February 28, 2010 3:12 by Aarti Nagraj
However, with countries slowly moving towards economic recovery, demand for oil has increased, and prices have increased from $32.4 per barrel in December 2008 to around $80 per barrel at the moment.
Saudi increased output by 100,000 barrels in February to produce 8.25 million barrels a day, the highest level since December 2008, Bloomberg’s survey said, adding that the Kingdom exceeded its quota by 199,000 barrels a day. The country has about 264 billion barrels of crude oil reserves and has an output capacity of around 12 million barrels per day.

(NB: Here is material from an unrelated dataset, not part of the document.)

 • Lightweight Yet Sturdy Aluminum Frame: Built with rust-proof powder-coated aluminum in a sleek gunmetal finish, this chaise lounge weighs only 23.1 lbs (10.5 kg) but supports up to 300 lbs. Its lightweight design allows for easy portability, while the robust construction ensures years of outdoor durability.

The rise in oil prices has brought in more revenue for the government, and hence it has been in a position to offer several stimulus measures to the market to support recovery, NCB said in its report.

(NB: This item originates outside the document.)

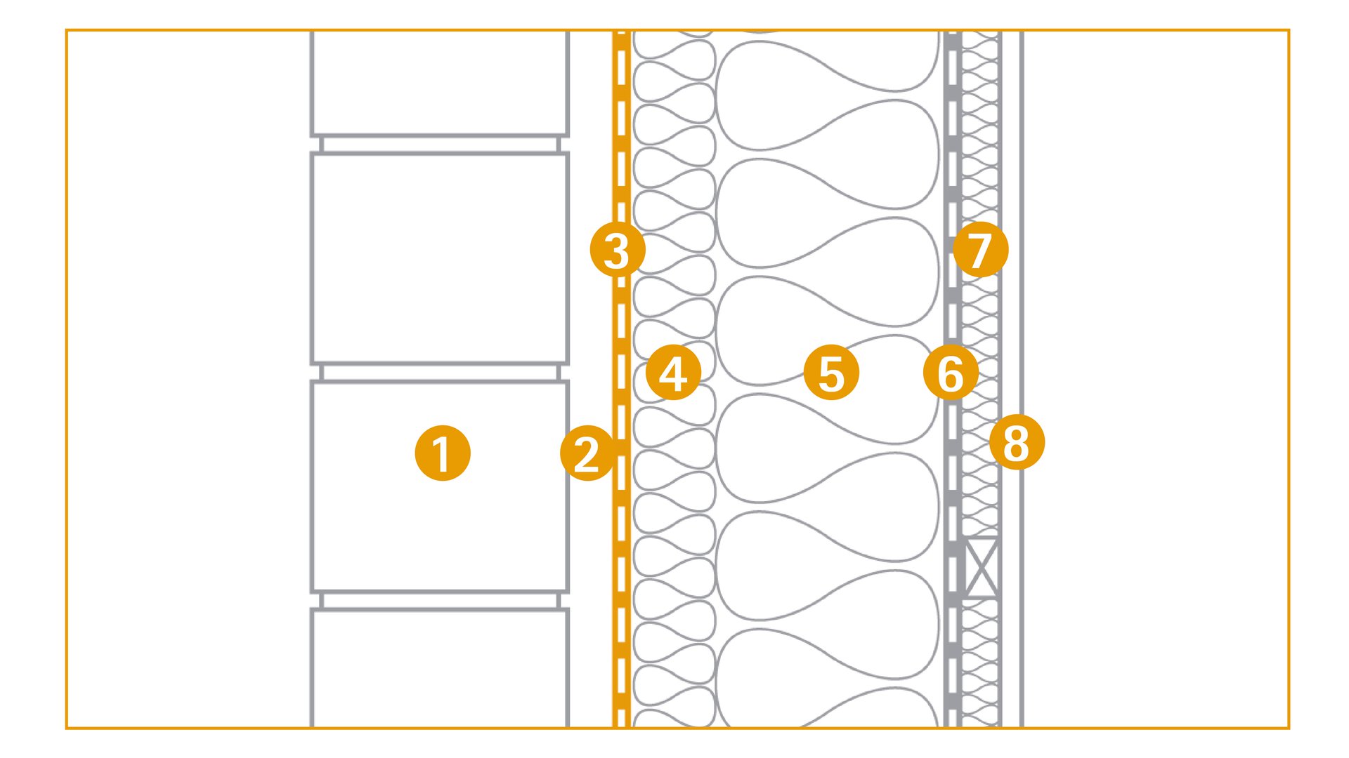 During this period, the membranes must be covered by a closed, back-ventilated pre-wall shell (e.g. faced masonry). When system connection and sealing solutions are used, building structures remain dry if installation is carried out professionally and structures are properly designed with regard to diffusion.

Last week, a report by Saudi firm Jadwa Investments predicted that rising oil prices and increased production could boost the Kingdom’s hydrocarbon export earnings to reach $186.3 billion in 2010, as compared to the $157.4 billion it made in 2009.The increase in export revenue will also boost Saudi’s total revenue to around $164.7 billion this year, compared to $134.6 billion in 2009, it said.
“The Saudi economy is expected to improve in 2010. Growth will pick up, credit will become more readily available and the government budget will return to surplus. High government spending will be the main engine of growth, with the private sector making a greater contribution as credit conditions improve. A reviving global economy should keep oil prices around their current levels and increase demand for the exports,” the report said.
“Higher average oil prices and production should generate sufficient additional revenue to ensure a budget surplus,” it added.